Zu meinem zweiten Punkt mit dem Kurzzeitgedächtnis:
Ich glaube hier erklär ich garnicht lang, ich geb ein Beispiel. Wenn ein 6-Monate altes Baby sich z.B. die Fernbedienung grabscht und darauf rumkaut. Dann ist es ein Leichtes dieses Baby mit einem anderen interessanten Gegenstand abzulenken und ihm die Fernbedienung zu entwinden und aus dem Blickfeld zu schaffen. Es wird der Fernbedienung keine Sekunde nachweinen, wenn man es geschickt anstellt, da für das Baby gilt : AUS DEN AUGEN-AUS DEM SINN.
Auch bei einem 9-Monate alten Baby kann man mit Ablenkung noch gut punkten, auch mit einem Jahr und eineihalb, da die Erinnerungsspanne sehr, sehr kurz ist.
Versucht man das mit einem 2jährigen, sieht die Sache schon anders aus. Ein Zweijähriges Kind brüllt der Fernbedienung noch eine halbe Stunde hinterher, weil es sich gut erinnern kann.
Genau dasselbe Phänomen gilt auch für das Erscheinen der Mama im bestimmten Zeitabständen, während das Baby weint. Sobald Mama wieder aus dem Blickfeld ist, ist sie für ein 5 Monate altes Baby vergessen.
Ich zitiere hier mal aus meinem Buch:
Lise Eliot "Was geht da drinnen vor- Die Gehirnentwicklung in den ersten 5 Lebensjahren" Kap. 13 "die Entstehung des Gedächtnisses"
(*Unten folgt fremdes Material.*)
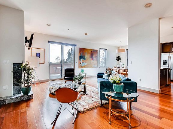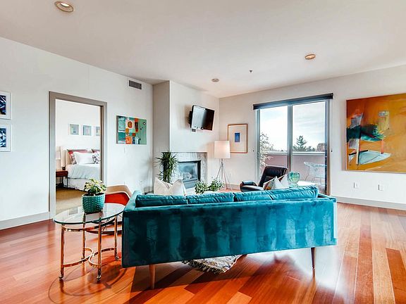 Stunning and spacious 2 bedroom and 2 full bath condo in the heart of Highlands Square! Very rare find in Highlands with 1484 square feet all on the same level. A perfect mix of entertaining spaces and comfort in this immaculate third floor unit with spectacular views and tons of eastern and southern exposure. High ceilings, open floor plan, and chef's kitchen! Spacious dining area and bar are perfect entertaining areas. Very large master with ensuite bathroom and enormous walk-in closet. Second, larger private bedroom and bath. Custom shelving and desk area are perfect home office. Take in the views and stars with private terrace off of living room or luxuriate in front of the cozy, fireplace! Less than a block walk to some of the best shops, restaurants and bars in Denver. Mere minutes to Sloan's Lake, Tennyson Shopping district and very easy access to downtown, LoHi and Bronco's Stadium. Two oversized, reserved parking spaces in enormous, private, heated underground garage.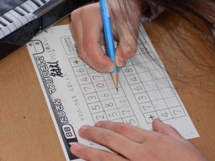 ます計算にチャレンジしています。繰り上がりのあるたし算です。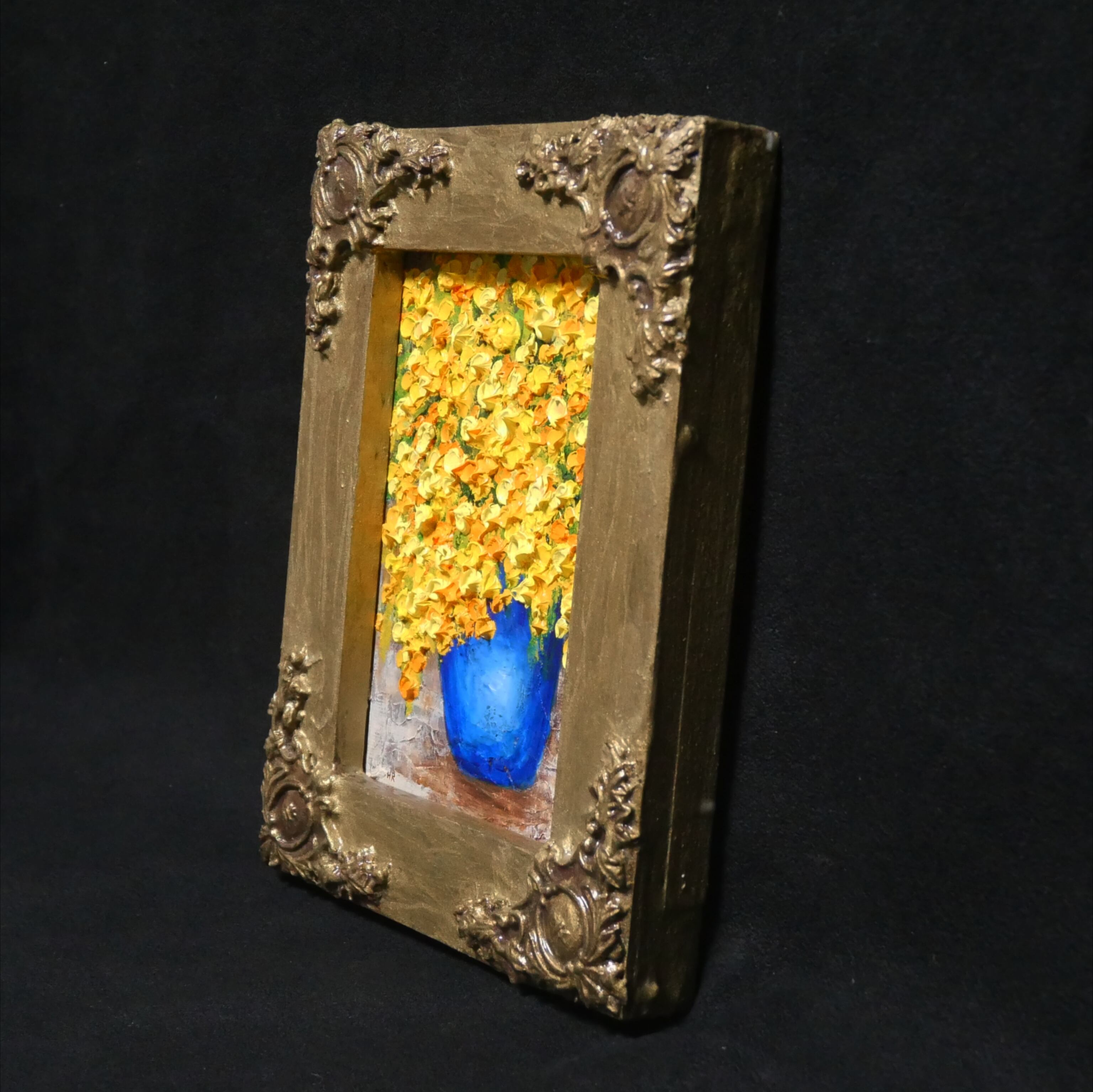 この特別な油絵が、お客様の日常に春の訪れと温もりを届け、心に残る特別なひとときを創出できることを願っております。ぜひ、この美しい「ミモザ」を手に取ってお楽しみください。

"Acht Monate ist das Alter, in dem ein Baby erstmal in der Lage ist, ein verstecktes Spielzeug wiederzufinden....
....In diesem Alter können Babys endlich für einige Augenblicke ein gedankliches Bild von der Mutter, von einem Spielzeug oder einem Ereignis zurückbehalten, nachdem das betreffende Vorbild aus der Sicht verschwunden ist. Diese Fähigkeit, Objektpermanenz genannt , ist wesentlich für die Bindung verantwortlich. Man nimmt an, dass diese Form des bewussten Kurzzeitgedächtnis infolge eines Entwicklungsschubs im präfrontalen Kortex etwa in diesem Alter zustande kommt."